PEPFAR calls for Western experts to work as equal partners with African leaders on AIDS prevention. But as co-chair of Uganda’s National AIDS-Prevention Committee, I have seen this process sabotaged. Repeatedly, our 25-member prevention committee put faithfulness and abstinence into the National Strategic Plan that guides how PEPFAR money for our country will be spent. Repeatedly, foreign advisers erased our recommendations. When the document draft was published, fidelity and abstinence were missing.
And somehow, a suspicious statistic attacking marriage appeared. The plan states that the HIV infection rate among married couples is 42 percent, twice as high as the rate among prostitutes. Our requests for the source of this statistic were repeatedly ignored.

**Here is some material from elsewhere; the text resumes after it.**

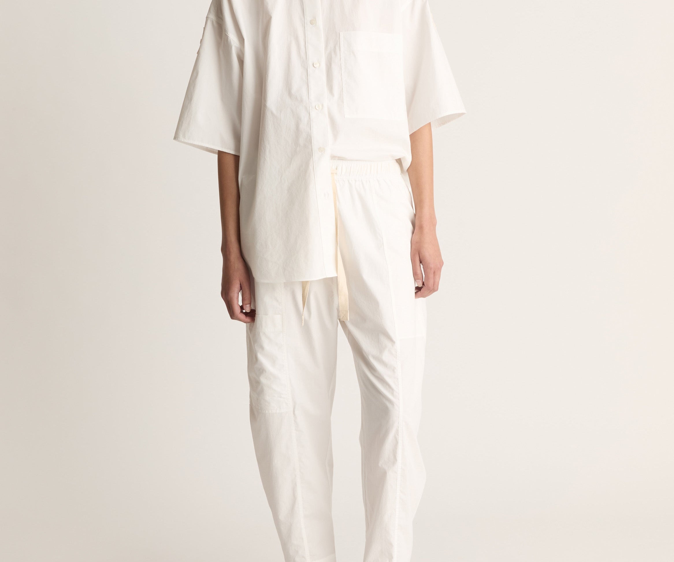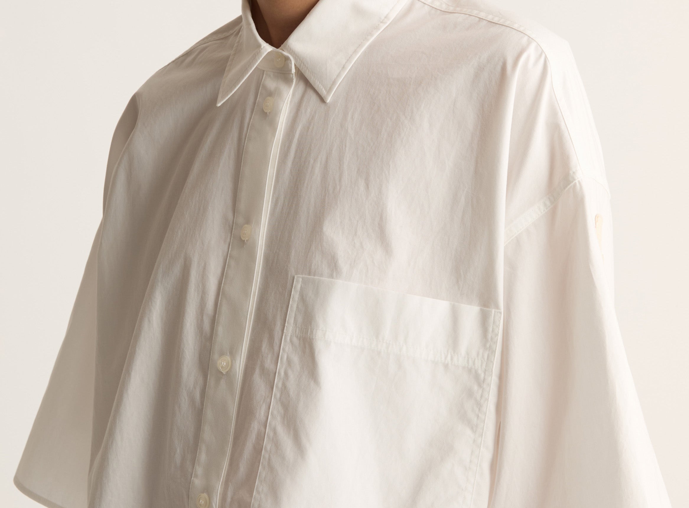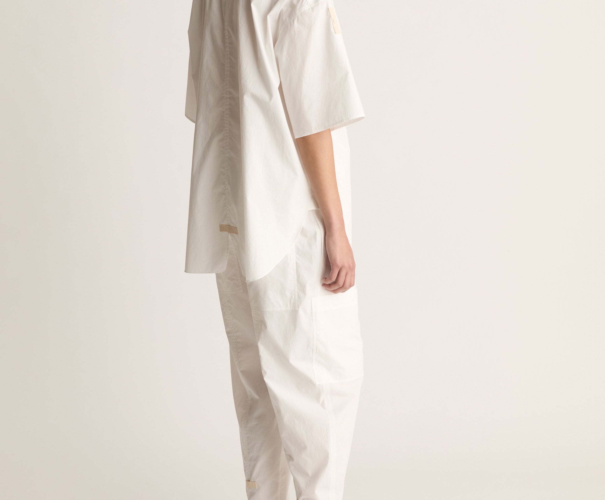 Introducing Lee Mathews Short Sleeve Shirt in Natural, a classic collar t-shirt, button-up in white hue. The short sleeves and curved hem offers a laid-back vibe, while the relaxed fit offers all-day comfort.

In fact, the 2004-05 Ugandan HIV/AIDS Sero-Behavioral Survey found that HIV prevalence among married couples is only 6.3 percent, far lower than infection rates among widowed (31.4 percent) or divorced (13.9 percent) Ugandans.
When Washington insiders were alerted to these scandals, the words “abstain” and “be faithful” were quietly reinserted into the plan – on paper. But that doesn’t guarantee these methods will be implemented or promoted. Meanwhile, the dubious marriage statistic remains.

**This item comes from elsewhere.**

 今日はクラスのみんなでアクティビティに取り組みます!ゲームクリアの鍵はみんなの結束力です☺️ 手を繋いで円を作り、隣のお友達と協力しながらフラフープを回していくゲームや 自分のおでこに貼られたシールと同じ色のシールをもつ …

As fidelity and abstinence have been subverted, Uganda’s HIV rates have begun to tick back up.
Western media have been told this renewed surge of HIV infection is because there are “not enough condoms in Uganda,” even though we have many more condoms now than we did in the early 1990s, when our HIV rates began to decline. Condom promotions have failed in Africa, mostly because fewer than 5 percent of people use condoms consistently with regular partners. Indeed, the loudest HIV-prevention message in Africa is “universal access” to condoms, testing, anti-retroviral treatment, and assorted other drugs and devices. All these commodities must be transported, stored, distributed, advertised and resupplied endlessly.
Meanwhile, effective HIV prevention methods, such as urging Africans to stick to one partner, don’t qualify for lucrative universal-access status.
Do not misunderstand me: Treatment is good. But for every African who gains access to HIV treatment, six become newly infected. To treat one AIDS patient with life-prolonging anti-retroviral drugs costs more than $1,000 a year. Our successful ABC campaign cost just 29 cents per person each year.
International suppliers make broad, oversimplified statements such as “You can’t change Africans’ sexual behavior.” While it’s true that you can’t change everybody, you don’t have to. If the share of men having three or more sexual partners in a year drops from 15 percent to 3 percent, as happened in Uganda between 1989 and 1995, HIV infection rates will plunge. It is that simple.
We, the poor of Africa, remain silenced in the global dialogue. Our wisdom about our own culture is ignored.
Telling men and women to keep sex sacred – to save sex for marriage and then remain faithful – is telling them to love one another deeply with their whole hearts. Most HIV infections in Africa are spread by sex outside of marriage: casual sex and infidelity. The solution is faithful love.
So hear my plea, HIV-AIDS profiteers. Let my people go. We understand that casual sex is dear to you, but staying alive is dear to us. Listen to African wisdom, and we will show you how to prevent AIDS.
The Rev. Sam L. Ruteikara is co-chair of Uganda’s National AIDS-Prevention Committee.